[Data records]
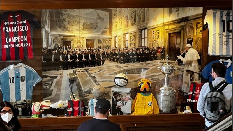 Caminaba por los recodos del Vaticano en el final de la pandemia. Aun con barbijos, distancias y cuidados, husmeábamos tras los gestos argentinos en un Estado comandado por un criollo. Nos detuvimos en una enorme vitrina en un pasadizo entre salones. Apilados bajo un orden casual, el Papa y el fútbol. Camisetas, retratos, pelotas, botines y hasta una réplica de la Copa Libertadores, estampados en una pared como una huella digital del Jefe de ese Estado Espiritual. Como el dulce de leche, el truco y el bondi: la alegría popular del fútbol argentino.
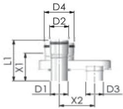 PPs/Alu osztó adapter 80/125 - 2x80D1=80 mm D2=80 mm D3=80 mm D4=125 mm L1=175 mm X1=105 mm X2=120 mm
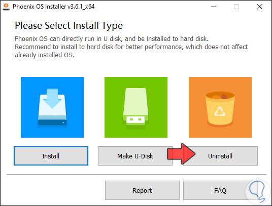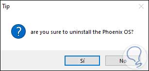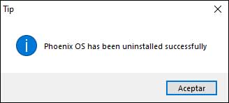 Damos clic en Si y luego vemos que Android Phoenix OS ha sido desinstalado:
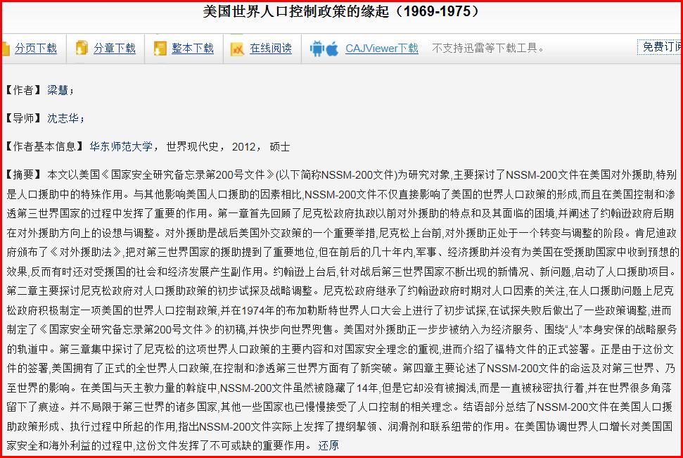 例如华东师范大学硕士论文《美国世界人口控制政策的缘起》
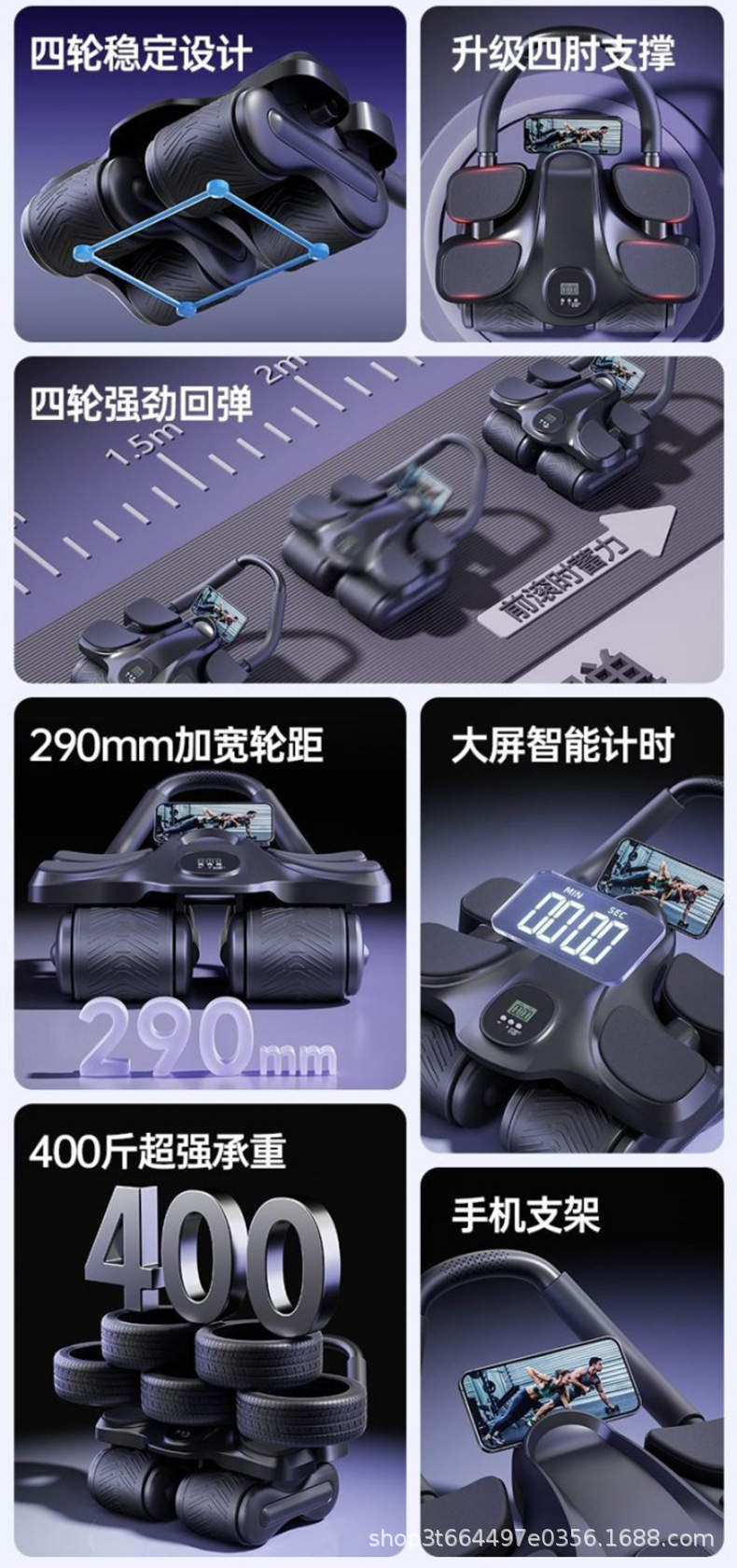 4륜 복부 휠 2025 새로운 자동 리바운드 팔꿈치 지지대 복근 운동 도구 복부 수축 남성 피트니스 장비

Required work » Could you transcribe the records above exactly, leaving every picture out?

Answer to the exercise »
 Caminaba por los recodos del Vaticano en el final de la pandemia. Aun con barbijos, distancias y cuidados, husmeábamos tras los gestos argentinos en un Estado comandado por un criollo. Nos detuvimos en una enorme vitrina en un pasadizo entre salones. Apilados bajo un orden casual, el Papa y el fútbol. Camisetas, retratos, pelotas, botines y hasta una réplica de la Copa Libertadores, estampados en una pared como una huella digital del Jefe de ese Estado Espiritual. Como el dulce de leche, el truco y el bondi: la alegría popular del fútbol argentino.
 PPs/Alu osztó adapter 80/125 - 2x80D1=80 mm D2=80 mm D3=80 mm D4=125 mm L1=175 mm X1=105 mm X2=120 mm
 Damos clic en Si y luego vemos que Android Phoenix OS ha sido desinstalado:
 例如华东师范大学硕士论文《美国世界人口控制政策的缘起》
 4륜 복부 휠 2025 새로운 자동 리바운드 팔꿈치 지지대 복근 운동 도구 복부 수축 남성 피트니스 장비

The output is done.